Overall, after shipping and throwing away the over a couple-of-year expired products, it was not worth it. It is better to look out for great deals in legit beauty websites: such as Smashbox, Stila, Benefit, Beauty.com, etc which sometimes offer great discounts, free products, free deluxe sample products, free shipping, and birthday gifts.

I especially recommend Smashbox. On Tuesays and Thursdays with a purchase of a certain amount (depends) they give a free product and you can combine that with their other codes for free deluxe samples, also if you sign up with them you get an extra deluxe sample everytime, access to their sale items, free shipping, a birthday gift and store credit. Stila, Urban Decay, and Benefit also have very good deals, but I still have not order from them.

I would definitely not order from ACW again, and I would not recommend them. Take advantage of legit websites that have very good deals. As for MAC save some money and buy it from one of their stores. You only need a handful of products from MAC in your make-up collection.


----------



## carolannfud (Feb 14, 2014)

Anyone ordered fromACW recently (February 2014)? I order from them a lot and always happy but now my password isn't recognised, lost password facility didn't work and they haven't replied to my email. Will let me register as a new user but I'm just a bit worried now maybe they've updated their website and that's the issue. Can anyone help? cheers, carol in Australia.


----------



## lethalglam (Feb 14, 2014)

Oh god I ordered something in January and it never got to me and now I'm trying to get paypal to refund my money!! ACW IS THE WORST!! They don't EVEN HAVE A PHONE NUMBER or any sort of customer service, it's the same 2 dumb women that always respond with very unhelpful emails to any inquiry - and half of the time they don't respond at all!

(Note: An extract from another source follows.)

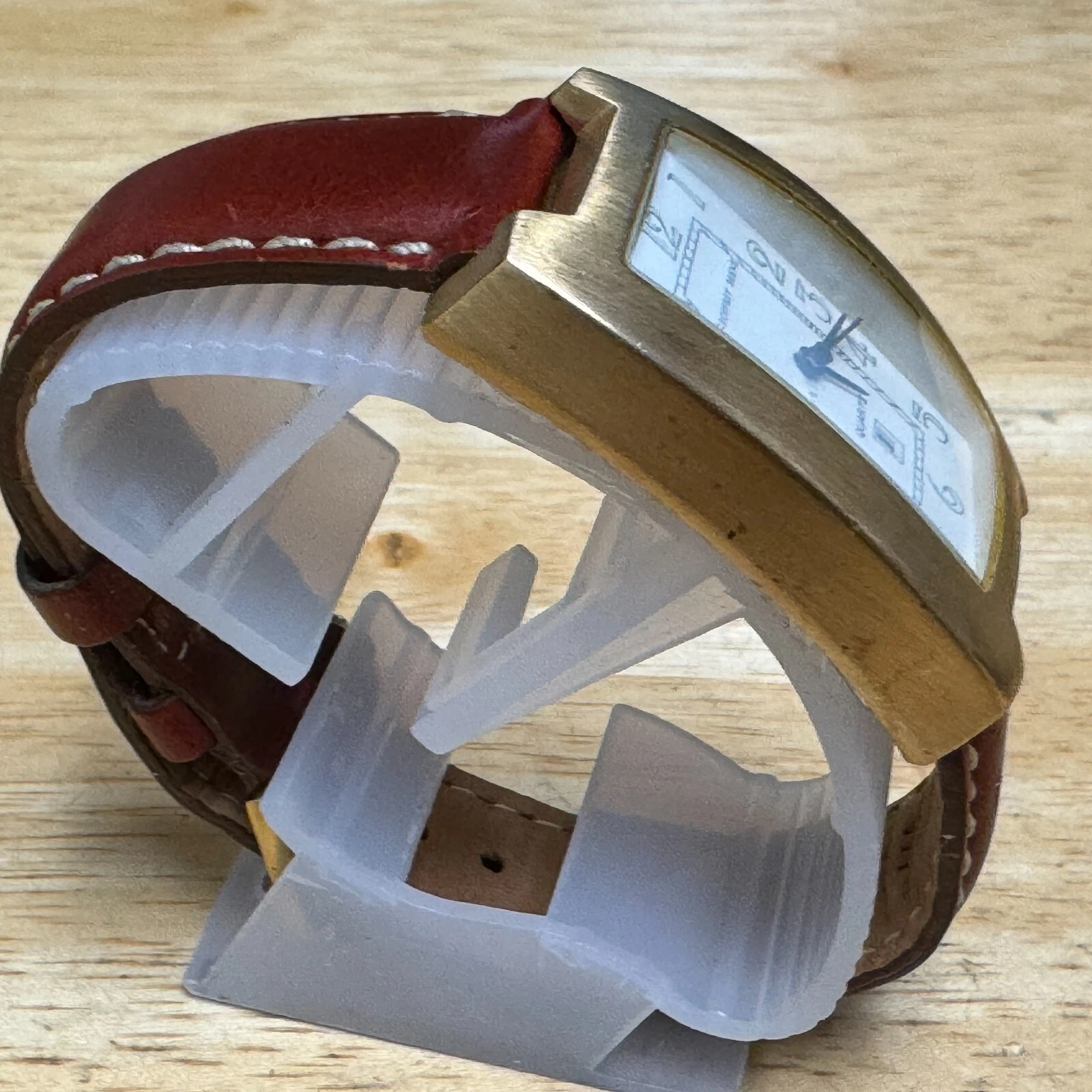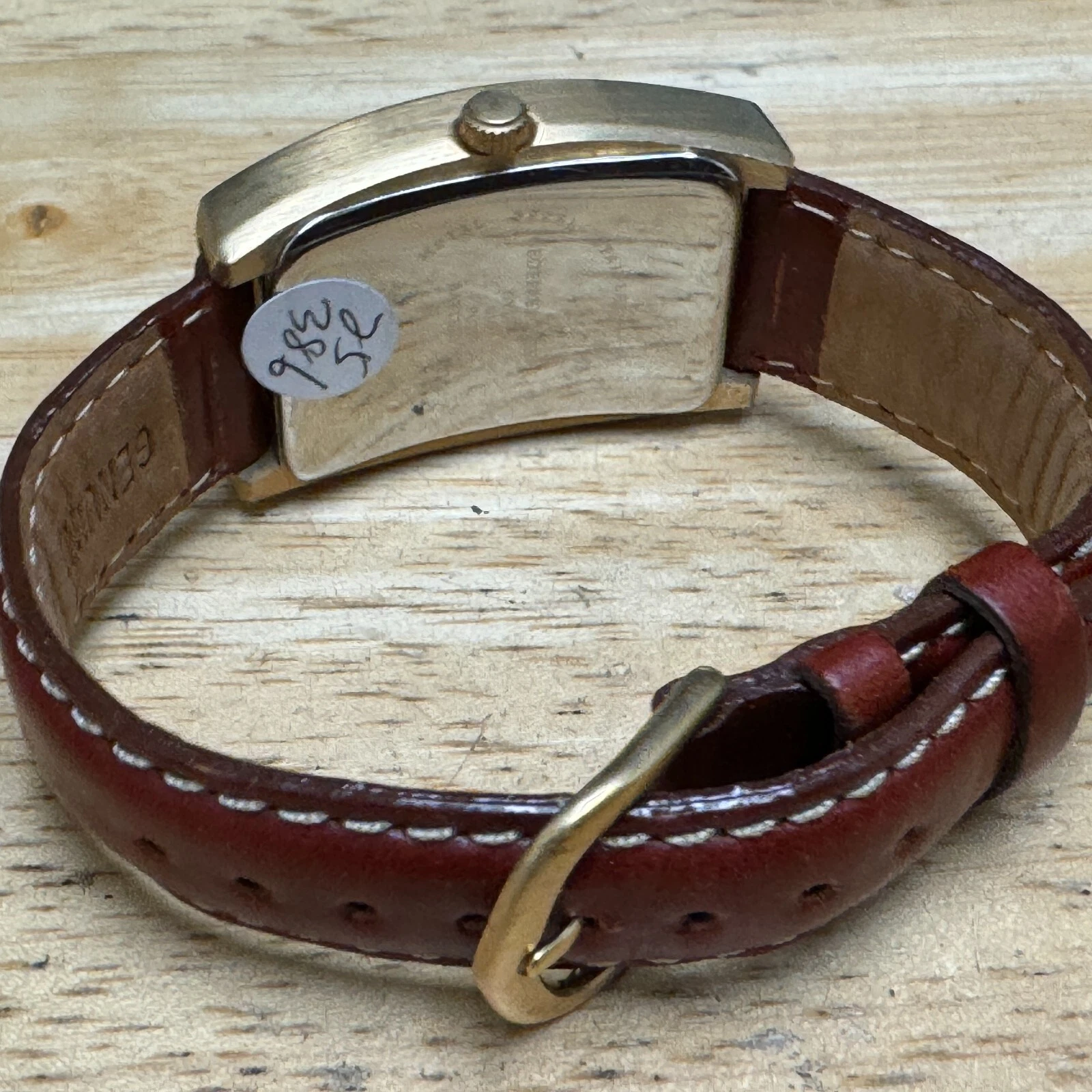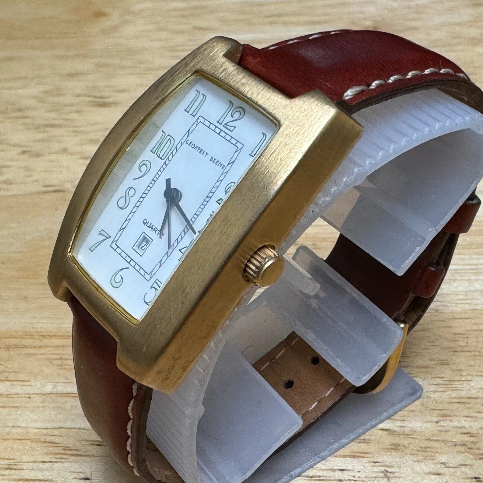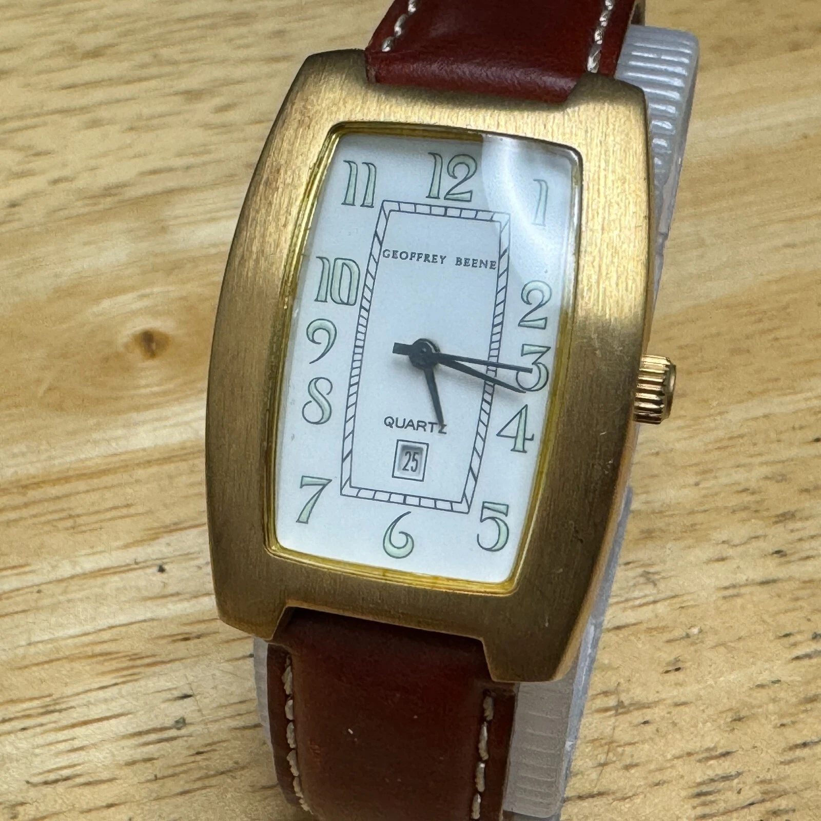 Geoffrey Beene Quartz Watch Men Gold Tone Curved Long Barrel Leather New Battery

The USPS messed up where the order was supposed to be sent so it went back to ACW and then they contacted me and told me I WOULD HAVE TO REPAY SHIPPING if I wanted the items or I would have to pay a RESTOCKING FEE FOR THE ITEMS I NEVER GOT! It's ABSOLUTELY ludicrous. Please do NOT ever order from that horrible website, you'll be scammed.


----------



## lethalglam (Feb 26, 2014)

I decided I would review my order for you guys so here's the outcome of my All Cosmetics Wholesale Order and how it went:

http://lethalglam.blogspot.com/2014/02/retailer-review-all-cosmetics-wholesale.html

Here's a pic of the stuff I ordered:


----------



## carolannfud (Feb 26, 2014)

Thanks for sharing lethal glam. Great to hear your comments!


----------



## mjreynolds32 (Mar 15, 2014)

I purchased several of the "factory blem" lipsticks from them. They seemed too good to be true, and in my case they were. All of the color name labels were removed, but the odd thing was that they left a white paper behind where they were torn off. It seems almost impossible for a real Mac label to tear off in this way. The packaging on the bullets all had subtle differences from lipstick to lipstick - the metal ring in the center was a different width on one, one actual lipstick was slightly wider and the plastic that held it in was slightly wider too, and there were smudges in the glitter on the plastic case of one that made it look as though it were sprayed on rather than molded in. None of the lipsticks I received had a classic Mac vanilla scent - one was very fruity and the others didn't have much fragrance other than a slight sweet hint of something almost floral. I also purchased a Mac lip glass in the color Jealous from an old limited edition collection. The box it came with had a Korean label on it and it smelled really terrible - it had a very strong scent kind of like the old tubes of plastic balloons that I got as a kid had. The color was seperated and I had to really mix it with the lip wand to get it to combine the shimmer and the gloss. I thought it would be nice to use as a color shift but it was really goopy and sticky and in the end unuseable due to the bad smell. I can't imagine Mac wanting a product like this available for purchase still. If I had bought it from a blog sale I might think it was just rancid from age and that it had been opened, but between the Korean labels and the weird seperation issues I don't think it was real. If I would've saved the money I could've had two real lipsticks from the CCO or even the Mac website. I won't buy from ACW again, and if I had realized they didn't even provide a phone number for customer service issues I would never have bought from them at all.


----------



## normajean2008 (Mar 15, 2014)

Quote: Originally Posted by *mjreynolds32* /img/forum/go_quote.gif

*I purchased several of the "factory blem" lipsticks from them. They seemed too good to be true, and in my case they were.*

All of the color name labels were removed, but the odd thing was that they left a white paper behind where they were torn off. It seems almost impossible for a real Mac label to tear off in this way.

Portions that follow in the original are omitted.